A CRISE MASCULINA A CRISE ÉTICA

 

A ensaísta e crítica literária norte americana, Camille Paglia em entrevista já mencionada neste blog, aponta sua preocupação com tantos homens jovens se envolvendo no Jihadismo, como também em torcidas sanguinárias de futebol, ou grupos de lutadores “esportivos” que saem às ruas para bater e até matar “adversários”. Ao contrário da hipótese sustentada por Camille, penso ser a motivação inconsciente para tal comportamento, a repressão da energia do feminino. Os valores e atribuições “femininas” que descrevi anteriormente,* ainda não tem o devido reconhecimento valorativo no mundo patriarcal. E mais, tais valores são muitas vezes, considerados fraquezas e “frescuras de meninas”, ou o moderno “mi mi mi”. Assistimos a explosões de barbárie em numero diretamente proporcional ao grau de dissociação que impera no ser humano e como consequência, na sociedade. Ou seja, sociedades/indivíduos que mais reprimem e negam a energia feminina dentro do homem e a energia masculina dentro de cada mulher, mais bárbaras são. Vide exemplos do que ocorre em países que convivem com disputas internas entre seus governos e facções como ISIS, Boko Haran, Al Qaeda, Al Shabab, etc, que hostilizam, perseguem, violentam, reprimem e desvalorizam a energia do feminino e consequentemente a mulher.
Camille nos sugere que a ideologia da Jihad ocupa o lugar vazio deixado pela evolução do mundo das carreiras profissionais.

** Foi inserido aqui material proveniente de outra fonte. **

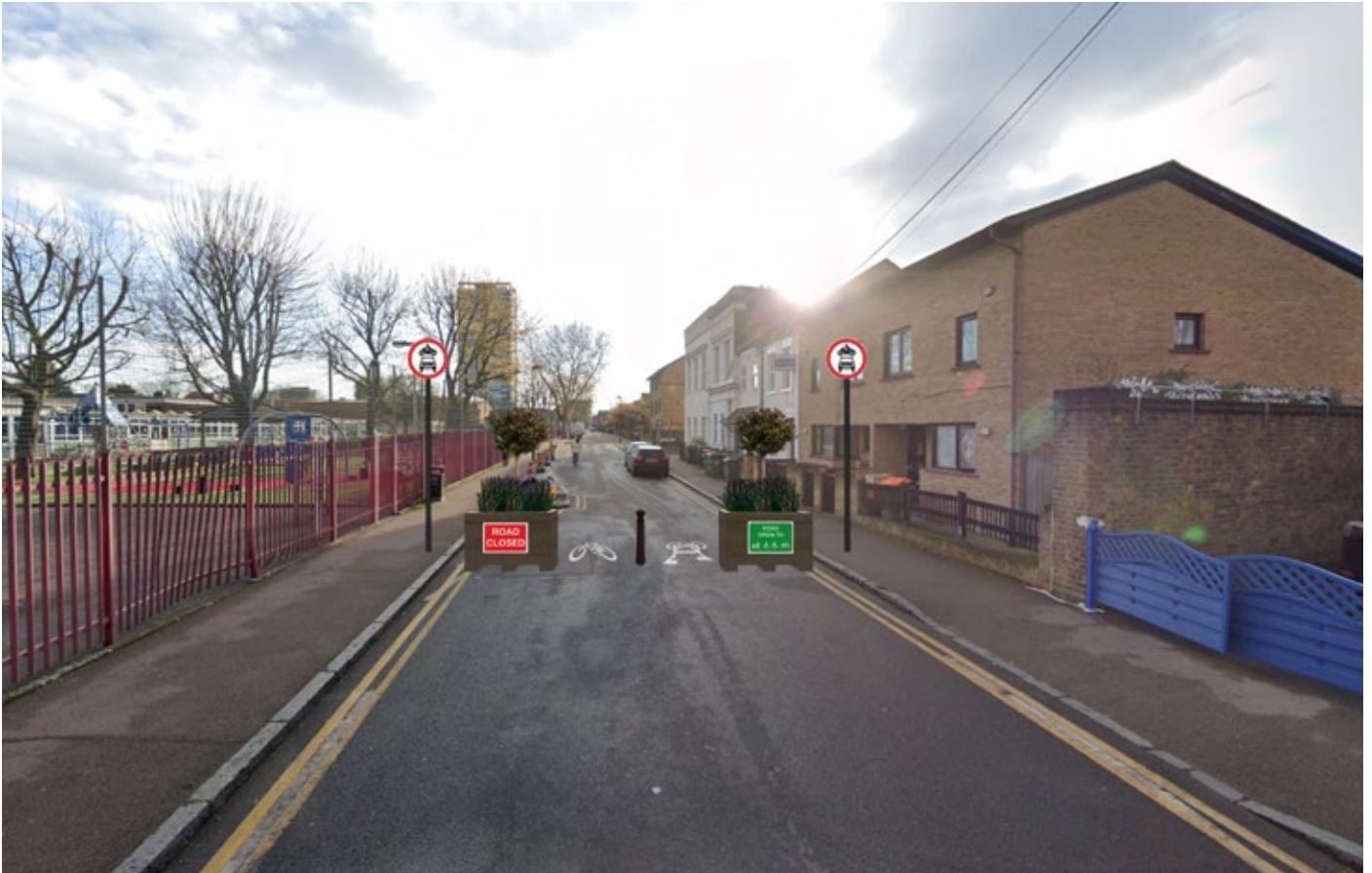
Indicative location of the modal filter on Maryland Rd, next to Colegrave Primary School.

Sugere que devido ao tédio e aprisionamento do mundo das empresas o homem não tem mais onde vivenciar antigas aventuras longe de casa e com risco de morte. Portanto a oportunidade para vivenciar estas ações físicas seria vivenciada através do alinhamento às guerrilhas e Jihadismo.
Discordo desta hipótese, primeiro porque esse mundo de “empresas e escritórios” nem chegou à realidade de países ou grupos que produzem alguns poucos núcleos fundamentalistas, segundo porque os jovens ocidentais que se alinham a estas guerrilhas, muitas vezes de tão jovens, nem sequer experimentaram o tédio dos escritórios. O que vejo novamente explícito é a predileção e valorização das energias masculinas que preparam o individuo para: – ação, luta, decisão, liberdade, foco, força, disputa de poder – e a repressão das energias femininas que possibilitam o individuo praticar: aceitação de si e do outro, tolerância, cuidado, auto cuidado, criação, gestação, fragilidade, passividade, vinculação, compromisso). Se hoje os homens não tem onde colocar sua força física, como diz a ensaísta, seu desejo de liberdade e aventura (ou seria descompromisso e aversão ao vínculo?) mais necessário e urgente se torna acessarem a energia da criatividade (feminina). Mais necessário se faz que eles próprios livrem-se do circuito condicionante de conquista de poder. Seja nos campos de disputa politica/ideológica, seja no mundo do capitalismo selvagem, predatório e consequentemente anti-ético. Quando um homem alinha-se a uma guerrilha, ou torcida sanguinária, que energia/sentimento ele conecta em si mesmo? Com certeza, o ódio ao inimigo, a raiva, o desejo de matar são os sentimentos que se espera dele naquele momento. A ternura, afeto, respeito a vida, são sentimentos que absolutamente ele deverá abandonar. O único amor que lhe é permitido na luta é o amor e o vínculo pela Pátria/Partido/Religião/Grupo/Ideologia/PODER, ou seja amor por uma Idéia e não pela vida. Quando um homem sucumbe e se entorpece pela busca cega do dinheiro e/ou poder, quais sentimentos ele acessa? A cobiça, a disputa, a destruição do concorrente, a performance agressiva nos negócios que exterminam pequenos e frágeis, e lhe garante o império. Um império, frio, vazio, solitário, anti-ético, inumano, mas o Império.
Penso que o culto que ainda fazemos à guerra, a violência e a disputa serve de instituição reconhecida para a repressão da energia feminina. Como ainda podemos acreditar em resolver conflitos e diferenças, com luta e morte?
A diplomacia, a resolução de conflitos pessoais ou coletivos, a política bem feita, a democracia, a paz, são fruto de conciliação, respeito às diferenças, justiça, ética, negociação e muito trabalho. Para elas precisamos da amorosidade que nos traz a Ocitocina e não da ação pontual (reativa) gerada pela Adrenalina. Precisamos do foco, clareza e racionalidade próprios da energia masculina. Diplomacia e paz são gestadas (energia feminina) e também precisam de limites, contornos e ações focadas (energia masculina).

*Anima e Animus; Homens parecidos com mulheres… – são textos disponíveis no blog.